There are a number of other important questions that one can explore in simulations. We further checked four of them and found that (i) our approach outperforms simple association tests; (ii) scaling up data size by adding more ‘noise’ SNPs makes it harder to find true main effects but does not adversely affect the selection of interactions’ (iii) besides the obvious advantage of decreasing computing time, using network information in our penalty yields advantages in detecting interactions beyond that deriving from the hierarchical nature of the penalty; and (iv) our approach is robust to modest linkage disequilibrium among SNPs. A detailed description of these results can be found in Supplementary Material, Section 4.
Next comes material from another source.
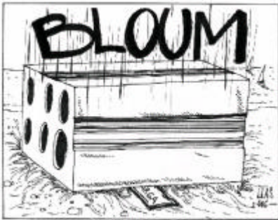
Autor: Lluís Amaré. Publicat al Diari de Vilanova, 17-2-06

Platja Llarga: a 7 de juny ja hi ha vigilància a la platja, han posat cartells, han netejat i han demanat a l'empresa que reforci la tanca, però la vigilància té problemes perquè els vigilants forestals municipals no tenen capacitat per sancionar ni mitjans per fer complir la llei. Van dir que han demanat ajut al SEPRONA. Resultat: A 30 de juny els vehicles, igual que l'estiu passat, segueixen trepitjant la zona de protecció, la gent hi porta els gossos i la brutícia s'acumula a dojo, això sí els cartells hi són.

4 APPLICATION TO IGE CONCENTRATION

We applied our algorithm to evaluate G × G interactions for log plasma IgE concentration, a biomarker that is often elevated in individuals with allergy to environmental allergens. An elevated plasma IgE concentration is associated with allergic diseases, including asthma, allergic rhinoconjunctivitis, atopic dermatitis and food allergy. Although several genes influencing IgE concentrations have been identified to date, the interactions among these genes or others yet to be identified to be important players have not been studied (Granada et al., 2012).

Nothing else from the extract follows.